Palestinians Finally Get Mobile Broadband

Israeli Prime Minister Benjamin Netanyahu.

Photo by Olivier Douliery-Pool/Getty Images

In 2014, Tim Berners-Lee, known best for creating the World Wide Web, proposed that the Internet is a human right. While not everyone agrees, it’s hard to deny that it plays an increasingly central role in almost all of our lives. Ensuring equal access can be an important step toward guaranteeing economic, social, and political equality. That’s all the more reason to celebrate the arrival of 3G wireless networks to Palestinians, who live, as the AP explains, in “one of the last places in the world without mobile broadband services.”

The AP’s Mohammed Daraghmeh and Daniella Cheslow report, “Under interim peace accords, Israel controls Palestinian wireless networks in the West Bank.” As Al Jazeera’s Samuel Nelson Gilbert wrote in 2013, the Oslo accords—signed in the mid-’90s—also “cover Palestinians’ right to faster communications.” Nevertheless, for years, Israeli authorities have limited the region to 2G connectivity, making it difficult for residents to utilize GPS services and other applications that require rapid data transfer. According to a 2012 World Bank report, this has restrained Palestinians’ economic development. 

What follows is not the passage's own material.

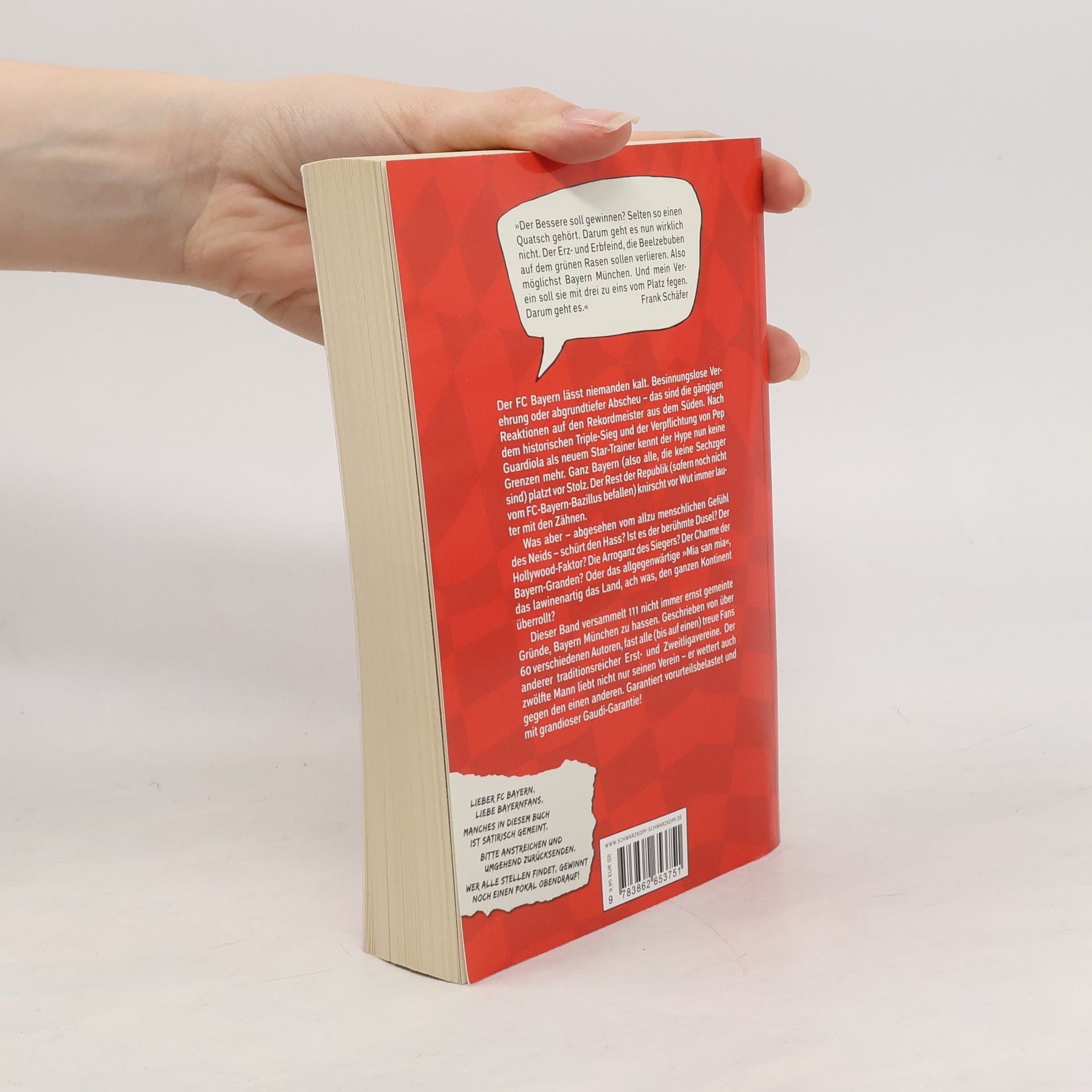 Der FC Bayern lässt niemanden kalt. Besinnungslose Verehrung oder abgrundtiefe Abscheu – das sind die gängigen Reaktionen auf den Rekordmeister aus dem Süden. Nach dem historischen Triple-Sieg und der Vorstellung von Pep Guardiola als neuem Trainer des Starensembles von der Isar kennt der Hype nun keine Grenzen mehr. Auch die Steueraffäre um Uli Hoeneß kann der Euphorie keinen Abbruch tun. Ganz Bayern (also alle, die keine Sechzger sind) platzt vor Stolz. Mia san mia als lederhosenknarzendes 24-Stunden-Lebensgefühl. Der Rest der Republik (wenn noch nicht vom FC-Bayern-Bazillus befallen) knirscht vor Wut immer lauter mit den Zähnen und köchelt derweil die guten alten Vorurteile wieder auf. Was aber – abgesehen vom allzu menschlichen Gefühl des Neids – schürt den unbändigen Hass? Gibt es ernst zu nehmende Gründe? Was steckt wirklich hinter der Wut auf die Bayern? Ist es der berühmte Dusel? Der Hollywood-Faktor? Die Arroganz des Siegers? Die Eleganz des Kaisers? Die Wortgewalt von Kalle Rummenigge? Dieser Band versammelt 111 Gründe, Bayern München zu hassen. Geschrieben von etwa 66 Autoren, fast alle (bis auf einen) treue Fans anderer traditionsreicher Erst- und Zweitligavereine. Der zwölfte Mann liebt nicht nur seinen Verein – er hasst auch den einen anderen. Garantiert vorurteilsbelastet und mit Guardiola-, äh, grandioser Gaudi-Garantie!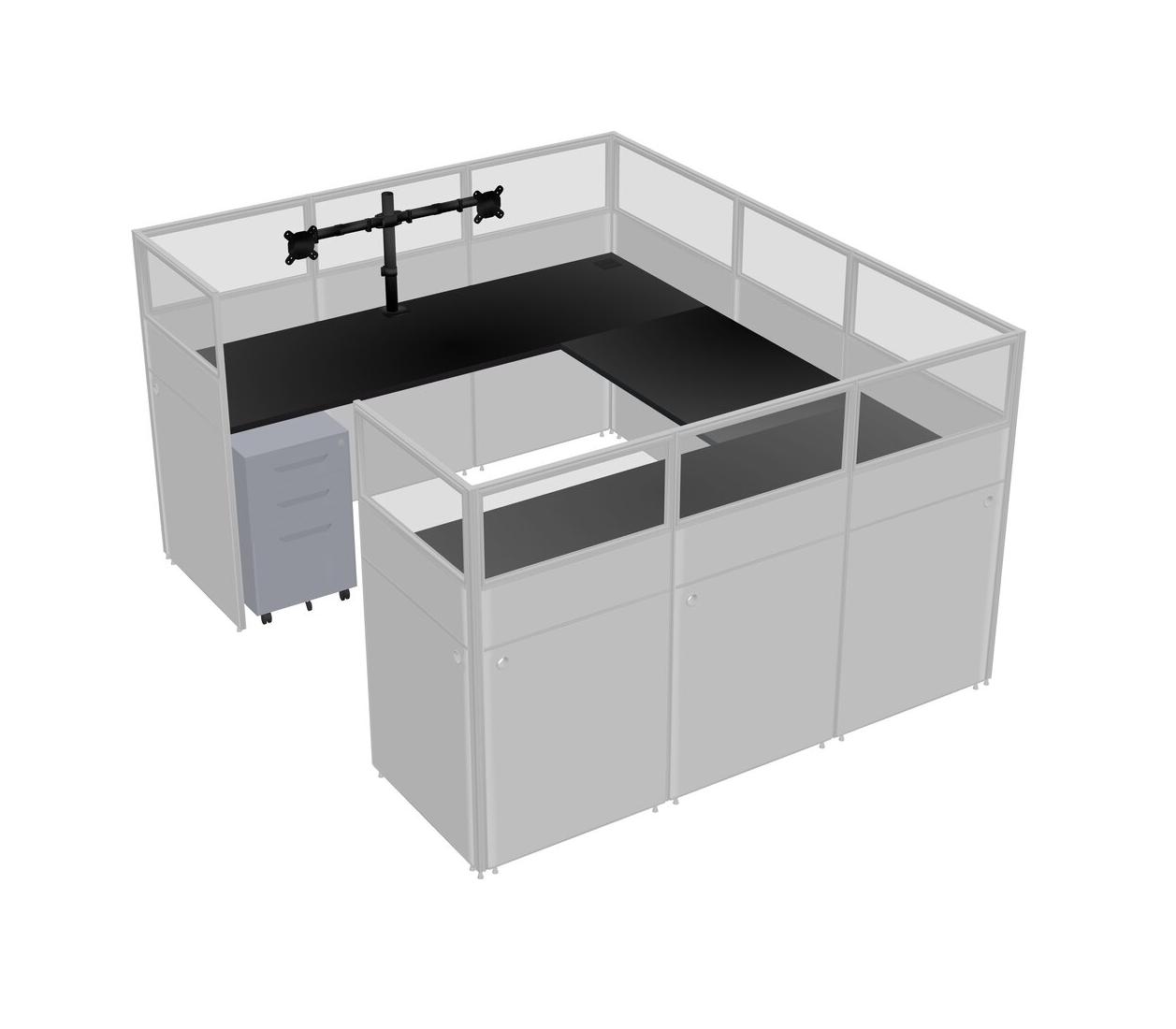 Black U-shaped Panel System For 1 Person + Monitor Arm (double Arms) + Metal Mobile Drawers For 1 User(s)

Daraghmeh and Cheslow write that this development comes after “years of delays.” Notably, it arrives on the heels of Israeli Prime Minister Benjamin Netanyahu’s recent meeting with President Obama. And as the Jerusalem Post adds, it also comes in advance of Secretary of State John Kerry’s visit to Israel. Daraghmeh and Cheslow suggest that this decision derives from an attempt to ease tensions in the region. Nevertheless, as they note in passing, Israel still declines to “extend 3G frequencies to the Gaza Strip, which is controlled by the Islamic militant group Hamas.”

Why did it take the Israeli government so long to make these changes? Where some suggest that it was a product of technical complications, others propose that profit motives drove the delay. According to the AP, one former Palestinian communications minister “believes Israeli carriers were behind the ban, trying to protect their interest in the captive Palestinian market.” Previously, Palestinians who needed faster mobile Internet were obliged to use Israeli carriers, resulting in inconsistent and unreliable coverage.

Whatever the case, a definite date for these changes is not yet clear, but the Jerusalem Post writes that they’re “expected to go into effect in mid- 2016.”